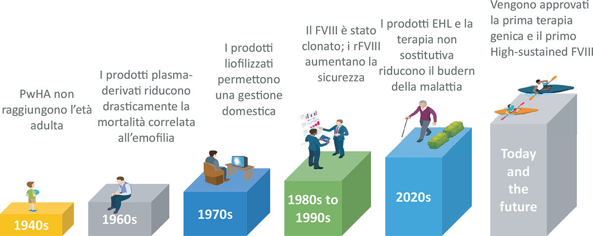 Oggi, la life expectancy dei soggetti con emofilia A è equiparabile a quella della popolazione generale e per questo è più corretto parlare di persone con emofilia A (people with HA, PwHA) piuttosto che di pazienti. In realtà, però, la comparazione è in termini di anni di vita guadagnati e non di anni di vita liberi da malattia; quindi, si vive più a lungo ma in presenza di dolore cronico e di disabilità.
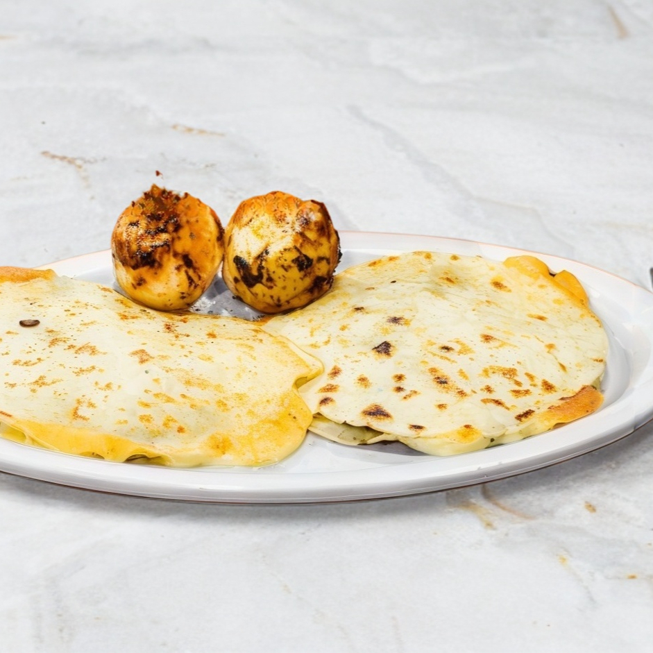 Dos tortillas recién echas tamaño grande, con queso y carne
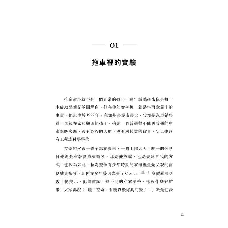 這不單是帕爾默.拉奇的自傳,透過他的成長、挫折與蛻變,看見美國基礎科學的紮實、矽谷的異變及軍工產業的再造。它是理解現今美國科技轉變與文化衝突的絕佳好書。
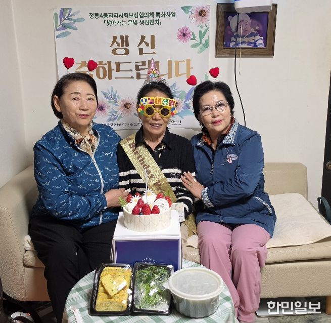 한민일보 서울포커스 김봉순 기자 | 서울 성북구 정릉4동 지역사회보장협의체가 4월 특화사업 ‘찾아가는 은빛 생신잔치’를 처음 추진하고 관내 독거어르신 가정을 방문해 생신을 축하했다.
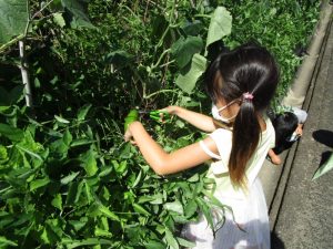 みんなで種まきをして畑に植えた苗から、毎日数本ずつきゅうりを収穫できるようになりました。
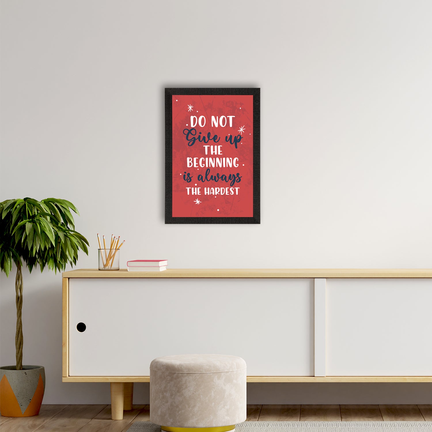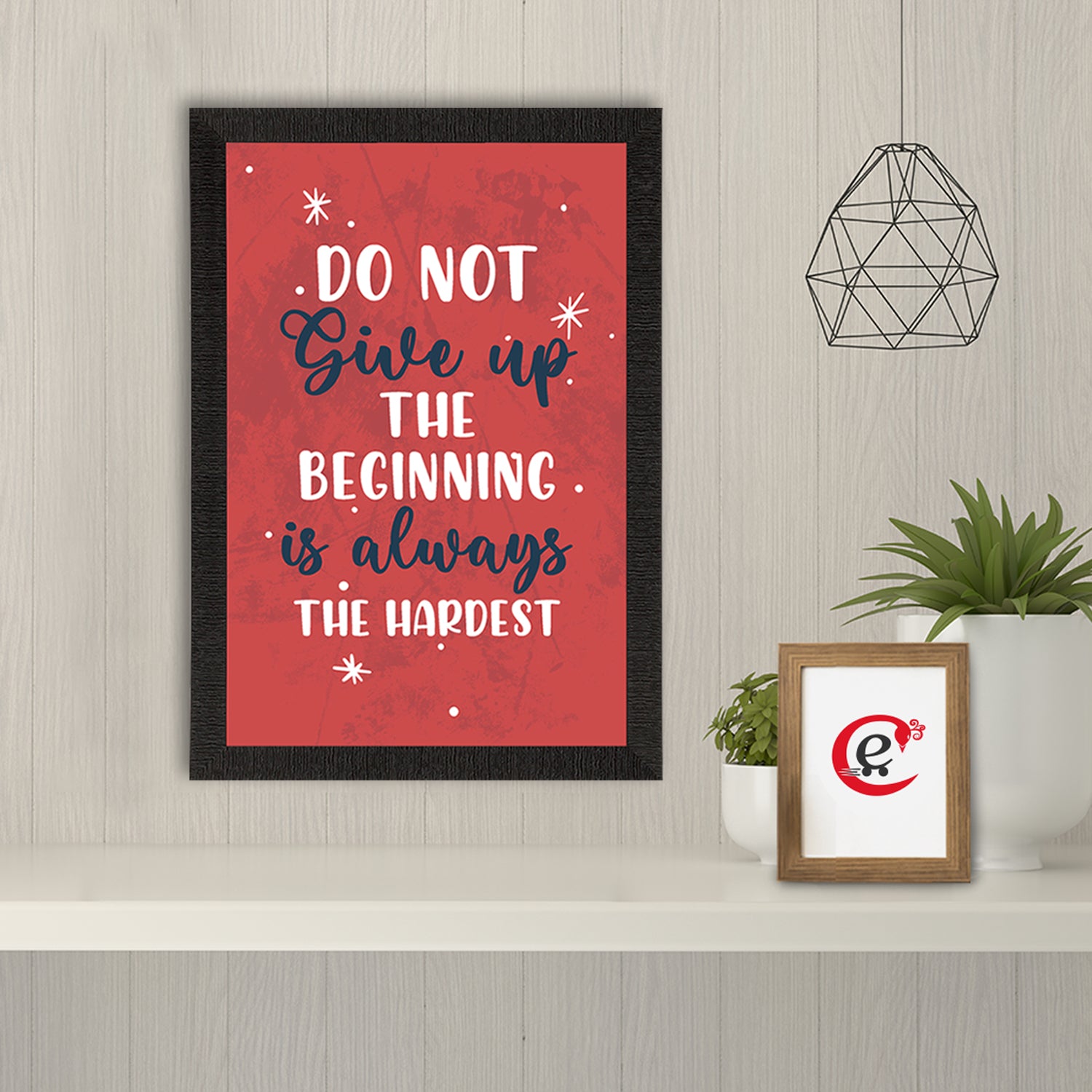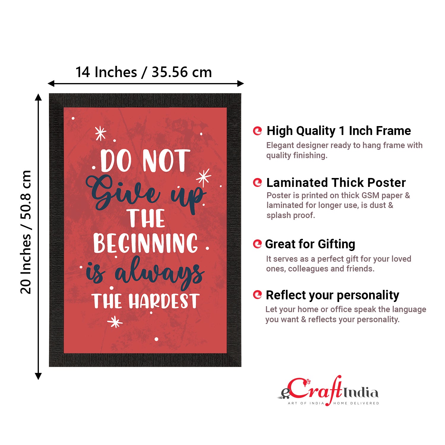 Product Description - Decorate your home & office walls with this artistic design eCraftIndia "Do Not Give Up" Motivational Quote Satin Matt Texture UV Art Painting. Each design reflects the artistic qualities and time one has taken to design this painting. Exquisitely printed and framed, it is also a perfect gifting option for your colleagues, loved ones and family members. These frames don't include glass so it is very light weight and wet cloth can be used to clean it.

_ _ _ _ _

=== To do ===
What's needed is an exact copy of the lines above from the one with "Dos tortillas recién" through the one with "みんなで種まきをして畑に植え", both included; the pictures stay out.

=== Task answer ===
 Dos tortillas recién echas tamaño grande, con queso y carne
 這不單是帕爾默.拉奇的自傳,透過他的成長、挫折與蛻變,看見美國基礎科學的紮實、矽谷的異變及軍工產業的再造。它是理解現今美國科技轉變與文化衝突的絕佳好書。
 한민일보 서울포커스 김봉순 기자 | 서울 성북구 정릉4동 지역사회보장협의체가 4월 특화사업 ‘찾아가는 은빛 생신잔치’를 처음 추진하고 관내 독거어르신 가정을 방문해 생신을 축하했다.
 みんなで種まきをして畑に植えた苗から、毎日数本ずつきゅうりを収穫できるようになりました。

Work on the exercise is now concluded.